India records success with BP treatment and control


India’s hypertension control initiative, launched in 2018, has expanded to over 100 districts

India’s hypertension control initiative, launched in 2018, has expanded to over 100 districts

Cardiovascular disease (CVD) is the leading cause of death among adults in India. High blood pressure or high blood pressure is one of the main drivers of heart attacks and strokes. Hypertension is a silent killer because most patients have no symptoms.

India has more than 200 million people with hypertension, and only 14.5% of people with hypertension are on treatment. Unlike many other illnesses, hypertension is easy to diagnose and can be treated with inexpensive generic drugs.

India Hypertension Control Initiative (IHCI) is a multi-partner initiative involving Indian Council of Medical Research, WHO-India, Ministry of Health and Family Welfare and state governments to improve blood pressure control people with hypertension. the project launched in 26 districts in 2018 has expanded to over 100 districts by 2022. Over two million patients have been put on treatment and monitored to see if they have achieved blood pressure control.
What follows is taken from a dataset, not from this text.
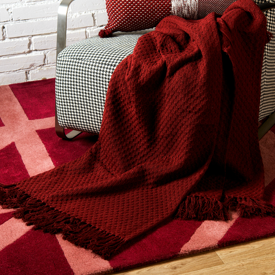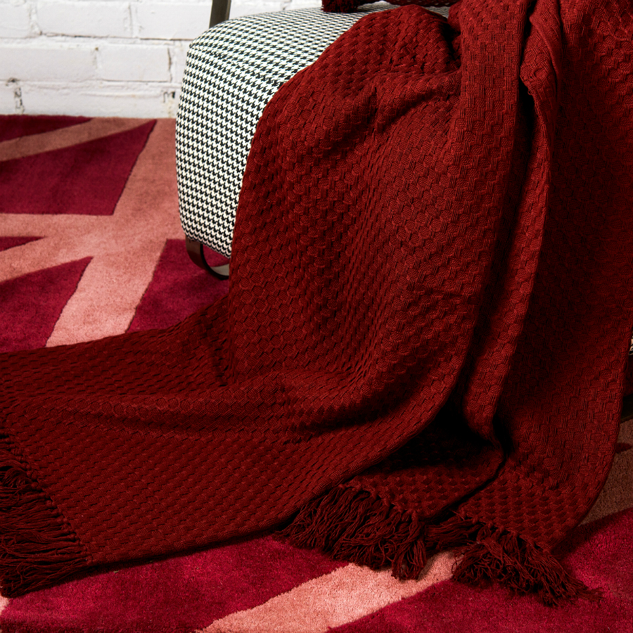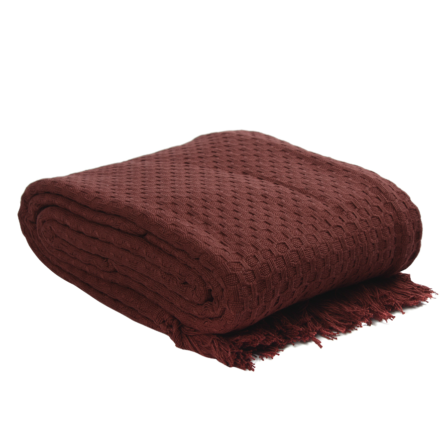 Покрывало вафельное бордового цвета из коллекции Essential, 180х250 см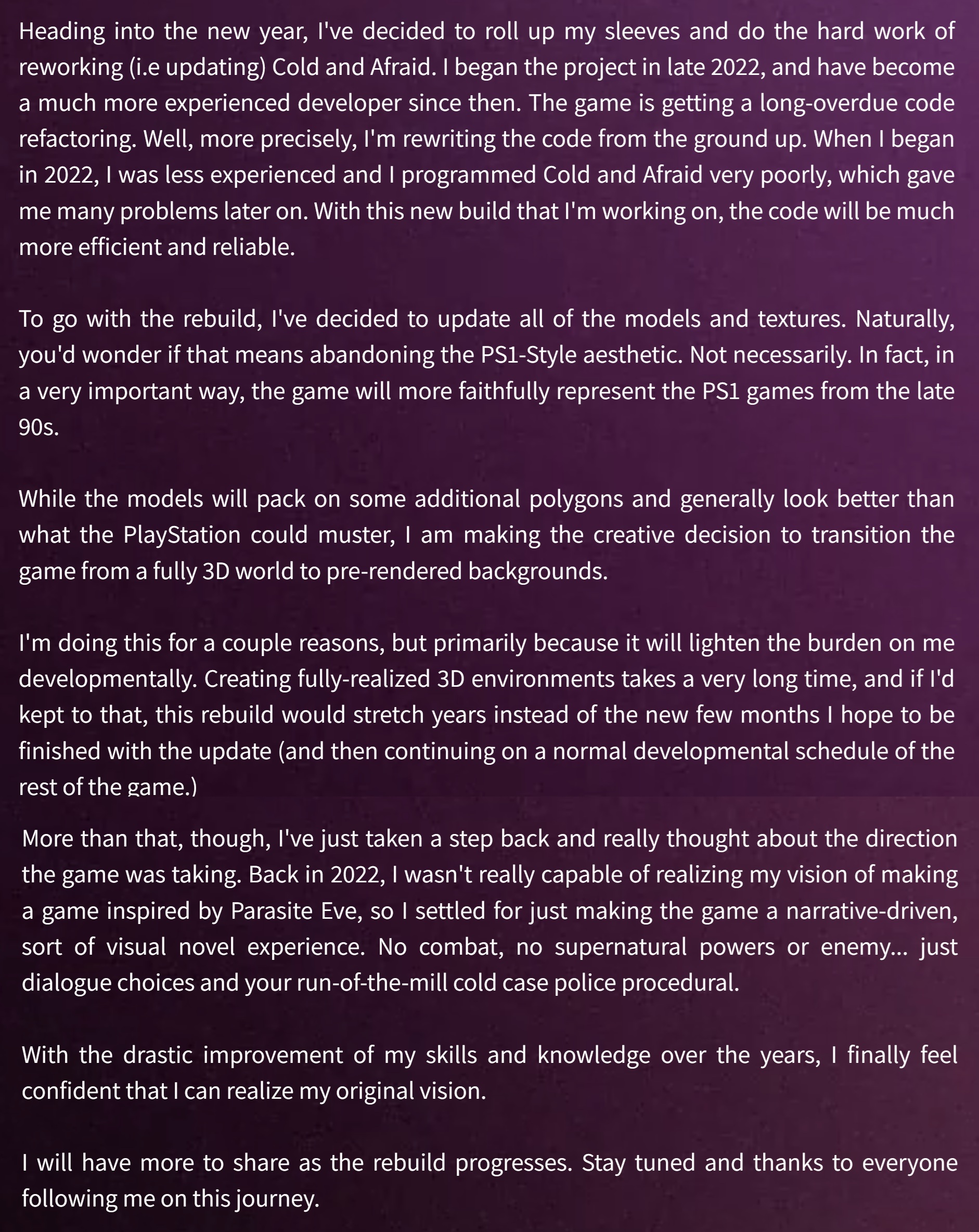 The PS1 aesthetic will never be abandoned.

The project demonstrated that blood pressure treatment and control is feasible in primary care facilities of various health systems in various states of India. Prior to IHCI, many patients went to higher level facilities such as community health centers (block level) or public sector district hospitals for treatment of hypertension. For three years, all levels of health personnel from primary health centers and health and wellness centers have been trained to provide hypertension treatment and monitoring services.

Five scalable strategies

Nearly half (47%) of treated patients achieved blood pressure control. BP control among those enrolled in treatment was 48% at primary health centers and 55% at health and wellness centers. The most encouraging finding was that BP control in primary care settings was higher than in hospitals. The availability of drugs in peripheral facilities made it easier for the patient to continue treatment, thereby improving BP control.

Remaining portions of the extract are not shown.